Computer security's dubious future

As longtime readers already know, I’m a big fan of Bruce Schneier, CTO and founder of BT Counterpane. Besides being a cryptographic and computer security authority, cryptographic algorithm creator, and author of many best-selling books on security, Bruce produces some of the most relevant conversations on computer security. I consider his books, his Cryptogram newsletter, and his blog must-reads for anyone in computer security.

Bruce is a guy who pushes us to rethink our currently held paradigms. He lays bare unsubstantiated dogma. I don’t always agree with Bruce. But many of the potent ideas that I disagreed with when he espoused them a half decade ago, I find myself agreeing with years later, ideas like how two-factor authentication won’t stop malicious hackers from stealing gobs of money from the online banking industry, and how the biggest problem with security, in general, is us and our irrational ranking of threats.

I distinctly remember Bruce telling me a decade ago how computer security, with all of its advances, was more than likely going to get worse in the future. This was in the face of increasingly accurate anti-virus programs, improved patch management, and solid improvements in OS security across all platforms. He said this in the days of Windows 95 with almost no security, and today we’ve got User Access Control and security so tight on a Windows system that vendors are frequently complaining. At the time, Bruce was the only voice saying that computer security was going to get worse. And he was right.

But it’s a decade later now. ISS’ annual report announced that the number of vulnerabilities went down for the first time in a long time, along with the amount of spam. (Interestingly, they also said that 50 percent of reported vulnerabilities could not be fixed by a patch.) The latest evolving security technologies (such as IPv6, IPSec, Network Access Protection/Network Access Control, anti-malware software, and so on) are promising.
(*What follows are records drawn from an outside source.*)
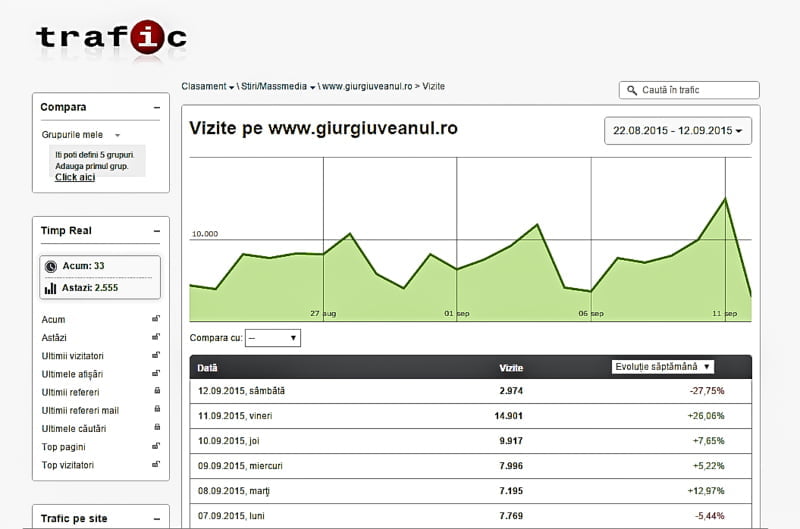 Revenind la subiectul acestui articol, nu vrem decât să vă informăm că www.giurgiuveanul.ro a atins, din nou, vineri, 11 septembrie 2015, un număr record de cititori, respectiv: 11.345 de vizitatori, 14.901 de vizite şi 32.273 de afişări, conform http://www.trafic.ro/statistici/www.giurgiuveanul.ro/.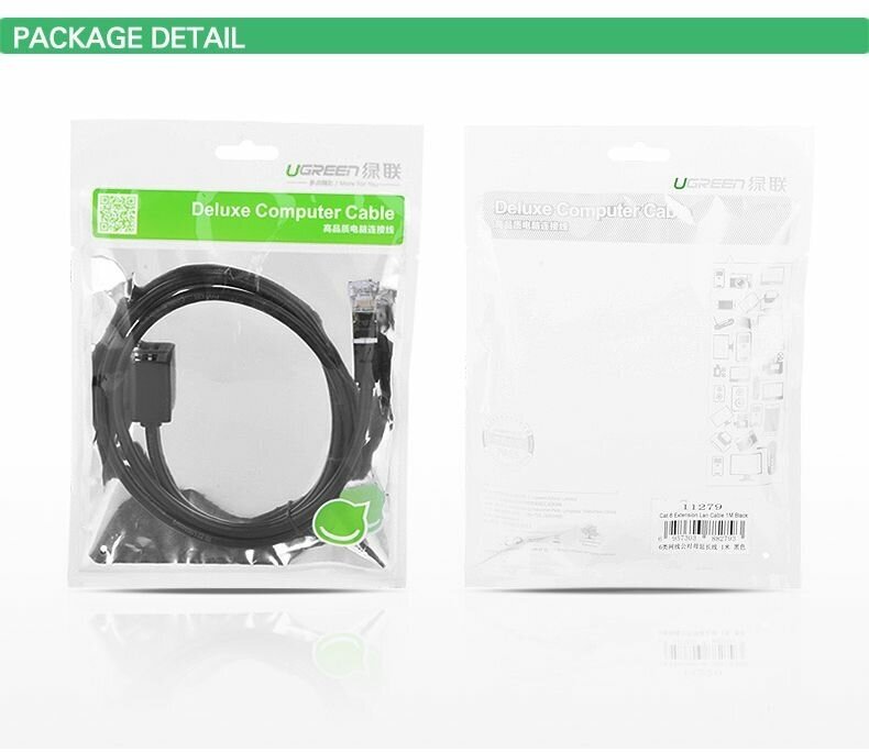 | Дополнительная информация | Удлинитель UGREEN NW112 (11281) Cat 6 F/UTP Ethernet RJ45 Extension Male/Female Patch Cords. Длина: 2м. Цвет: черный |
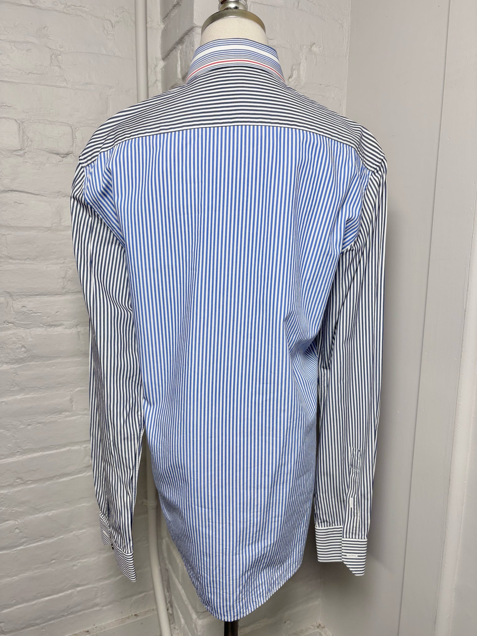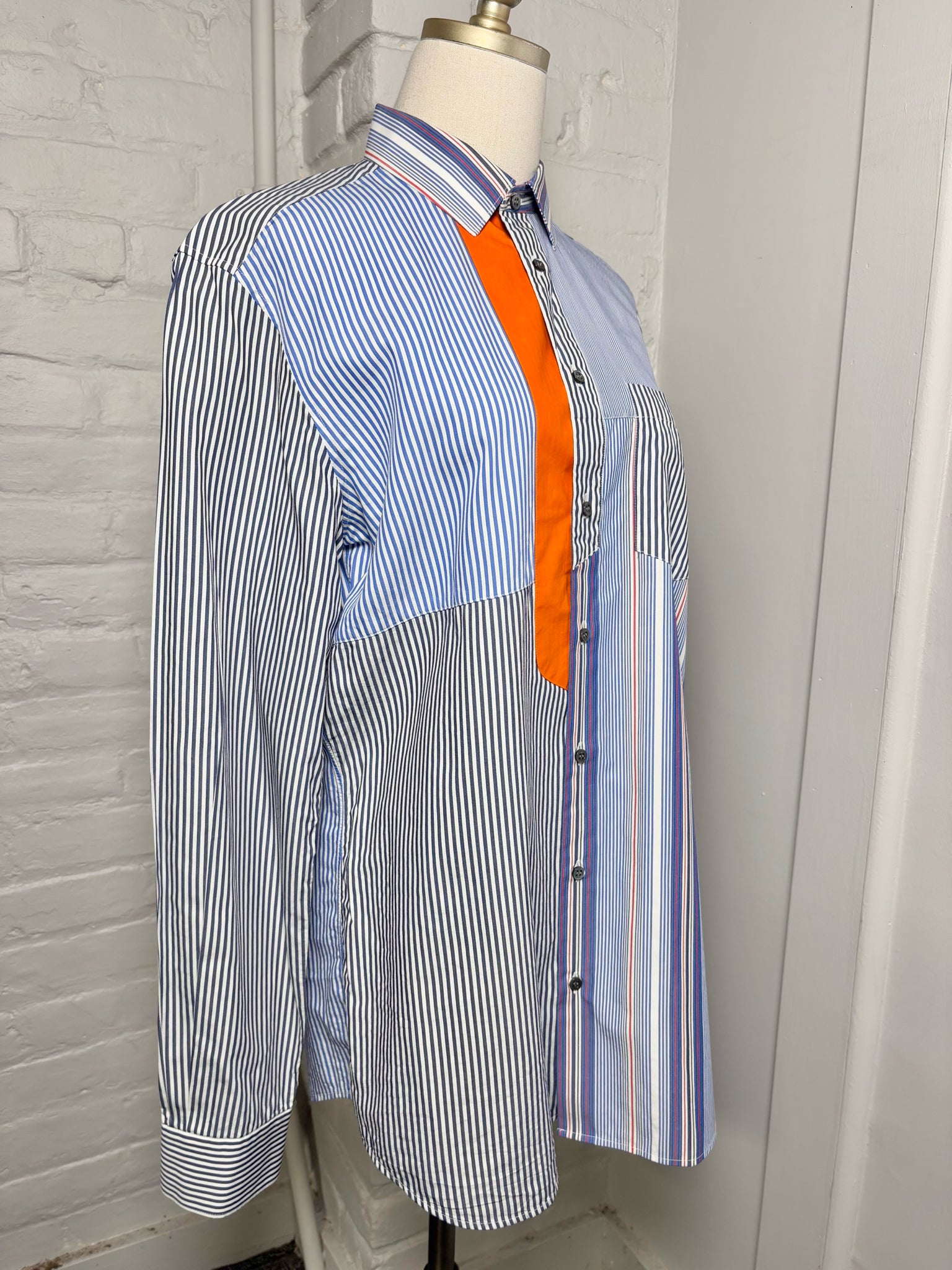 Joseph blue, white and orange striped button down long sleeves shirt with thick orange panel in a size large.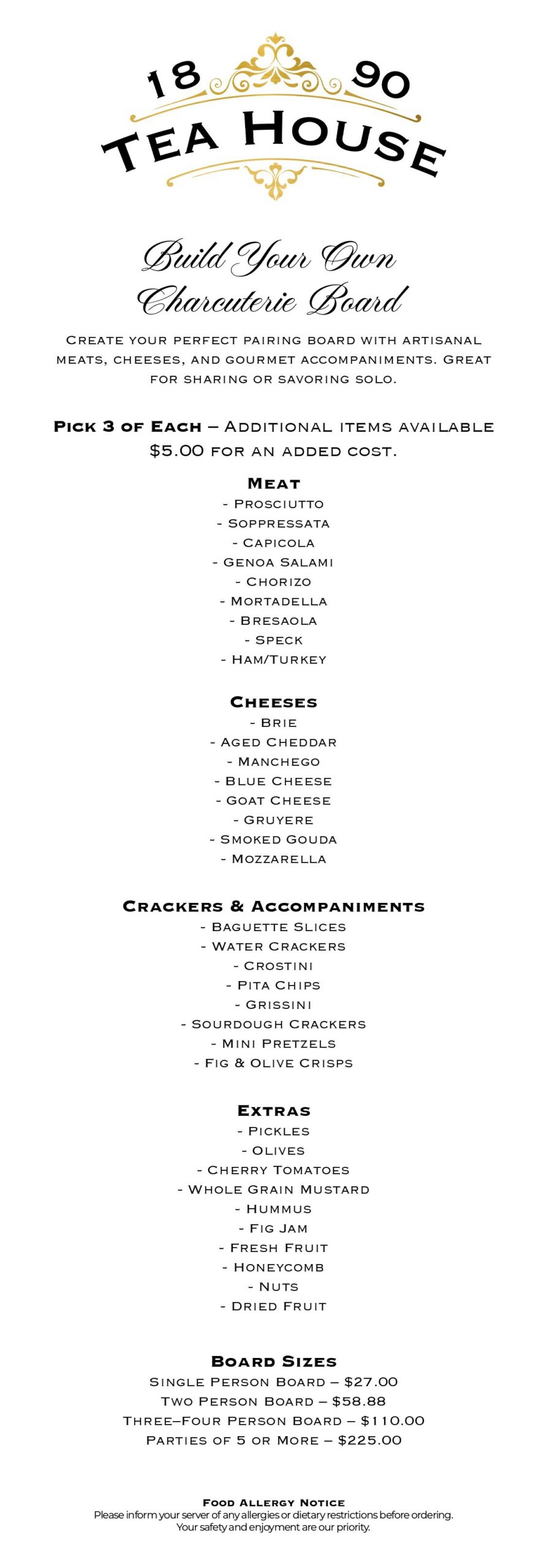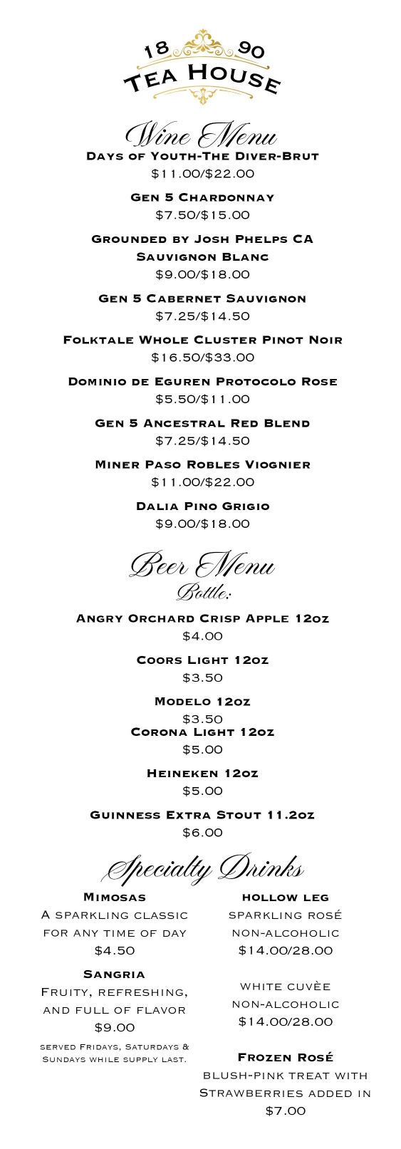 We’re delighted to welcome you to 1890 Tea House! While we prepare for our grand opening, we invite you to enjoy our current menu of Gourmet Tea Sandwiches, Charcuterie Boards, Teas, Wine, Beer, and more.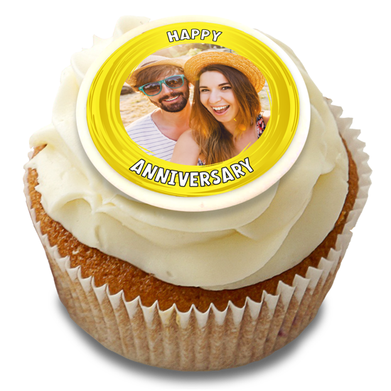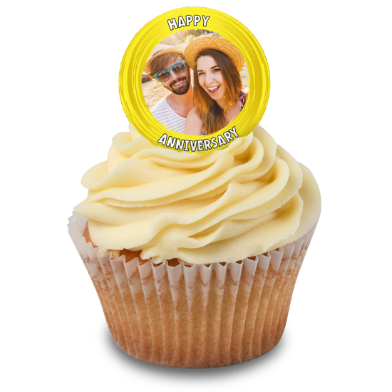 Happy anniversary yellow swirl border photo upload Edible Cupcake Topper

End-user education is higher than it’s ever been. Many professional entities and governments are requiring baseline security compliance. My friends only send me half the hoax virus warning messages now that I used to receive.

So, I asked Bruce the same question again, “Will computer security get better or worse over the next decade?”

Here’s his response:

"Computer security is not likely to improve in the near future because of two reasons. One, bad guys are getting better at attacking us. And two, we’re not getting better at defending ourselves.

The overarching reason for both of these trends is complexity. Complexity is the worst enemy of security; as a system gets more complex, it gets less secure. There are several reasons for this, which I explained in an essay from 2000. And the Internet is the most complex machine mankind has ever built. We barely understand how it works, let alone how to secure it.